Sunday, September 6, 2020

Knowing the Path and Walking the Path

 1.  Thinking about David Graeber.  Last semester a student came by my office to interview me for a class.  It was pro forma right up until the point she said, "I took your survey class.  If I were to guess I'd say you are an anarchist."  Cue spit-take.  But the question opened up a wonderful conversation as I tried my best to explain my ever-evolving, often contradictory personal politics.  I've never been much of a joiner, and I've always held a healthy contempt for authority.  The way I figure it, respect is earned.  While I can fool people into thinking I'm friendly and engaging, I mostly feel panic and dread when I am dealing with others.  I like the world on the margins.  I feel comfortable there.  That sense of marginality translates in myriad ways--but when it comes to politics, I distrust centralized institutions, and the established dogmas of both right and left make me want to wretch.  Point being, I prefer my politics to be local, and I like attaching myself to groups, organizations, and individuals that do more than hector people on Facebook.  For 25 years I've worked with Food Not Bombs, the Black Cross, and Athens Mutual Aid.  I've visited and made common cause with an array of anarchist collectives from New Orleans, to Haverhill, Mass. to Athens, Georgia.  Never in all that time has anyone tried to impose their particular dogma on me; on the contrary, whatever the differences of opinion, it has always been about the work.  I don't call myself an anarchist because I don't believe I deserve to--but I love and respect the hard work of the people who do.  

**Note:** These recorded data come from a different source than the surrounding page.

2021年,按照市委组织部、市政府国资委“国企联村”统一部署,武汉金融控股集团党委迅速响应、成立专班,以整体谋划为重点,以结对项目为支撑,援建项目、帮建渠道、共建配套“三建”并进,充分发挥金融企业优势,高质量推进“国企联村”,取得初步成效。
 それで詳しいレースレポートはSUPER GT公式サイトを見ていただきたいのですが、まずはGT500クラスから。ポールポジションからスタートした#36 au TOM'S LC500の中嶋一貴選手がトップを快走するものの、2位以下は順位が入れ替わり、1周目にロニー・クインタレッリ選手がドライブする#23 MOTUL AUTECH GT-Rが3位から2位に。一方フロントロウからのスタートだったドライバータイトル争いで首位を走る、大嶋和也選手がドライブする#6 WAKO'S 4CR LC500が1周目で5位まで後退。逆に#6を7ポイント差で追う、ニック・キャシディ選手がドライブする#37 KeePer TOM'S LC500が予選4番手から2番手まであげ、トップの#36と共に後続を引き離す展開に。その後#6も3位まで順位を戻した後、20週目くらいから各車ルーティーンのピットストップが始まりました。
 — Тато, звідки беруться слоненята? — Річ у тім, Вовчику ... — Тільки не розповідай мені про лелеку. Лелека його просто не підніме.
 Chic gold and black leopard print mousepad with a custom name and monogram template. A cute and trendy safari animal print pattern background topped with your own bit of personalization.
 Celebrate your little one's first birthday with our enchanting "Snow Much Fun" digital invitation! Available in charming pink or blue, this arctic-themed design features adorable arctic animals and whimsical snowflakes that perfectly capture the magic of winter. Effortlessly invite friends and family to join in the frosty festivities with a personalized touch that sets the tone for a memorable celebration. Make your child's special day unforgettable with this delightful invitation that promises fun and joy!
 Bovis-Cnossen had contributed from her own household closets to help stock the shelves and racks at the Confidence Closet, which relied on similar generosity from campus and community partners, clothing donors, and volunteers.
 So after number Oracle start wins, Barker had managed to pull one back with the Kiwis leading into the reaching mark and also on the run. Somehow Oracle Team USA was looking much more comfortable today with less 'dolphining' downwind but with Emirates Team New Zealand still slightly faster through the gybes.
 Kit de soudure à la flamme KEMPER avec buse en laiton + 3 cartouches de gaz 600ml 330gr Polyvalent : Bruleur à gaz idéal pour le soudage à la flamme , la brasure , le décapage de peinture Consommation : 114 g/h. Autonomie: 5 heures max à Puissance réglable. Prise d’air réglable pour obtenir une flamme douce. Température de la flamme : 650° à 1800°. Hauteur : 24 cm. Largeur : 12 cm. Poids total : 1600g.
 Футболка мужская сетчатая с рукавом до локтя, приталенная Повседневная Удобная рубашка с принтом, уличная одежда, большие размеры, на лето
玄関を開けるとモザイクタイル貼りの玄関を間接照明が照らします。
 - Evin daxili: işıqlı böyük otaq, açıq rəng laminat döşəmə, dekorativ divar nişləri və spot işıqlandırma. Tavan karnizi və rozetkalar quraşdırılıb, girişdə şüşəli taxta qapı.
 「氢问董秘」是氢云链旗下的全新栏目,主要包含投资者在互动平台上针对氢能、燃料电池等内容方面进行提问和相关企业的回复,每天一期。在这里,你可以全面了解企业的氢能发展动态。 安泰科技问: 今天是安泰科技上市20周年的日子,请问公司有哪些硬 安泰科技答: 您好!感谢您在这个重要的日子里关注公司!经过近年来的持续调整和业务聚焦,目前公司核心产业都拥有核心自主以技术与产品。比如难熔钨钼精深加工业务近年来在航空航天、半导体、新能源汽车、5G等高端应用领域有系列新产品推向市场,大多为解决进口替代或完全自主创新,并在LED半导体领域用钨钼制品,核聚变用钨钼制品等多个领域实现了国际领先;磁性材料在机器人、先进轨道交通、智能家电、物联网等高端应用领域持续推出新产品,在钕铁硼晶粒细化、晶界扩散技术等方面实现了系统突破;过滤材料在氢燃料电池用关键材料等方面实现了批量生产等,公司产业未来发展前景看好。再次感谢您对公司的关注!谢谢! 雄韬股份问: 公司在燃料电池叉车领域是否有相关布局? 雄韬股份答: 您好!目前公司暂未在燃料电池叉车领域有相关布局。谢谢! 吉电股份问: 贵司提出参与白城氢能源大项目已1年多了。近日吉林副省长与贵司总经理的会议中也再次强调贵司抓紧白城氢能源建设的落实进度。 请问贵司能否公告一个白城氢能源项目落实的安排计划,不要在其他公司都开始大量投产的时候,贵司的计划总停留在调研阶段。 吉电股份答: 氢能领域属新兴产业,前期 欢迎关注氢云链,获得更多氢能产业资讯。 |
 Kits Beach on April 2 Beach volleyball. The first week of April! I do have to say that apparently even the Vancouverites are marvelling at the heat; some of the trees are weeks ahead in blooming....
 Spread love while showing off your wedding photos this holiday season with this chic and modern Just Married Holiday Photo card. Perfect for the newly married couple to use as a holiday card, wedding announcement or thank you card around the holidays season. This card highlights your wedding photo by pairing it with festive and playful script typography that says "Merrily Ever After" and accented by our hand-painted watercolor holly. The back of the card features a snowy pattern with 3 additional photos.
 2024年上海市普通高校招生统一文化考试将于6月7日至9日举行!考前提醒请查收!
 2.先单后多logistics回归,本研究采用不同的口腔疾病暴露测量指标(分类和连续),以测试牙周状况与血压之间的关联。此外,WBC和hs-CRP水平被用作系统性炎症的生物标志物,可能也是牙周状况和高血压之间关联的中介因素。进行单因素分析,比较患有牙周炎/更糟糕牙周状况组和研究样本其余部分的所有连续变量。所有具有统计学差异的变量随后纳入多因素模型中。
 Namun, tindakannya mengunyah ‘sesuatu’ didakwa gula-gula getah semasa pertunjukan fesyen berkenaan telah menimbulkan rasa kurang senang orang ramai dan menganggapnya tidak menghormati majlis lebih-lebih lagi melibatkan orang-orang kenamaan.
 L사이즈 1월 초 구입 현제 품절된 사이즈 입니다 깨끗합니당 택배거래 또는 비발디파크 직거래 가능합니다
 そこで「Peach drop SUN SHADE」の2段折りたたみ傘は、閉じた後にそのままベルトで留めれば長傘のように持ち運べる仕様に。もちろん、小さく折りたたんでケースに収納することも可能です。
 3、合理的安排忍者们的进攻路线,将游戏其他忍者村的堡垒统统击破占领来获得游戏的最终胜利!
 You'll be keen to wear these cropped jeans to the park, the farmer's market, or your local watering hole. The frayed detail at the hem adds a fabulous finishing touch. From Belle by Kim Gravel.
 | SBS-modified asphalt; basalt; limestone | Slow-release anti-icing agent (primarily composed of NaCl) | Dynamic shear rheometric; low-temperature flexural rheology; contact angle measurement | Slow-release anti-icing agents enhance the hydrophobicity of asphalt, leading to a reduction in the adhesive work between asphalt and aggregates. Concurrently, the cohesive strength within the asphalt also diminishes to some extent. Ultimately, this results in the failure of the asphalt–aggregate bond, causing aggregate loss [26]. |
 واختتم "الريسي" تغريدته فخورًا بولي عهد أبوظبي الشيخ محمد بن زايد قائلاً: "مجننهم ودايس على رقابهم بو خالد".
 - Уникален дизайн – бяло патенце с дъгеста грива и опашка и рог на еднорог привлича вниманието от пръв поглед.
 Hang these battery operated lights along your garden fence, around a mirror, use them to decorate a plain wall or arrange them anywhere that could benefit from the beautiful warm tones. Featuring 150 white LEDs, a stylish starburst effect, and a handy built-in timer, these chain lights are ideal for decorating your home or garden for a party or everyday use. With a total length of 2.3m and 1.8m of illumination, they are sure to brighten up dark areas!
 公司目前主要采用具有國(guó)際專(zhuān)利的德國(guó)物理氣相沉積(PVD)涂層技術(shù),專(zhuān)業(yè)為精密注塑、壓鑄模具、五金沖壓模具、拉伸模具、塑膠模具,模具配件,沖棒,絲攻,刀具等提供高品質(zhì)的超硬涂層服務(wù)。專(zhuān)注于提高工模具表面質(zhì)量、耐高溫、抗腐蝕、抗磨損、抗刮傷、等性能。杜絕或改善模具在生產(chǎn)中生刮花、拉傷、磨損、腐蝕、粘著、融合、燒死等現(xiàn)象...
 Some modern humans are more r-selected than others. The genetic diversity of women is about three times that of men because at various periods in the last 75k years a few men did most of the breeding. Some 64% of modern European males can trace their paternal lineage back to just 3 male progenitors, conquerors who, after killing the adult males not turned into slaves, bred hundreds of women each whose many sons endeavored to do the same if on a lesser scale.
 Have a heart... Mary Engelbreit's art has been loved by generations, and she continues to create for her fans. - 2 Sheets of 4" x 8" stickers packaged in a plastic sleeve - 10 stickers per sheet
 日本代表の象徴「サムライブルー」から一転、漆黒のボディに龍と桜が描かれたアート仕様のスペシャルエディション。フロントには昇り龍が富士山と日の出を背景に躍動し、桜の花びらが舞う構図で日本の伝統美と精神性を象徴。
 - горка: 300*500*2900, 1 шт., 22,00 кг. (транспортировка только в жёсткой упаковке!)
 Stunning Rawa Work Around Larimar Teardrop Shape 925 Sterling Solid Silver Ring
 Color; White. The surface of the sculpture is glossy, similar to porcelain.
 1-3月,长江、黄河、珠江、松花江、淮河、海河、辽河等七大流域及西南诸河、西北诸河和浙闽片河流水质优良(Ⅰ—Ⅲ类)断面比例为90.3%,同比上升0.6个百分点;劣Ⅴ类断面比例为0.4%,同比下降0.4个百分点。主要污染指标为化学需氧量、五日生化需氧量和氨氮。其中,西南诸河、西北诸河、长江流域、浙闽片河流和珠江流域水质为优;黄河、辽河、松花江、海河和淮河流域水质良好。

David Graeber came into my consciousness during the Occupy Movement of 2011.  I had been in the Middle East in February of that year at the beginning of Arab Spring and I wanted desperately to believe that our time had come as well.  Graeber's work in Zuccotti Park inspired me.  His model of organizing reminded me of the best civil rights era organizing, especially the work of Robert Moses in Mississippi--leadership through the empowerment of others.  Of course I had to go and find his books.  His work on the history of debt and on "bullshit jobs" burned down so many of the fictive narratives that dominate and shape the discourse of our time.  I even wrote him a fan letter when he was at the University of London.  His kind reply reminded me of the importance of humility, especially in the academy.  David died on September 2nd at the age of 59.  I am 59.  The whole thing weirds me out, and while rationally it seems a little silly, I feel a sense of profound loss.  I've needed people like him my whole life; the kinds of people who say, "OK, but look at it this way," and change the way I engage the world.  There is a terrible shortage of those kinds of people.  Rest in Power, David.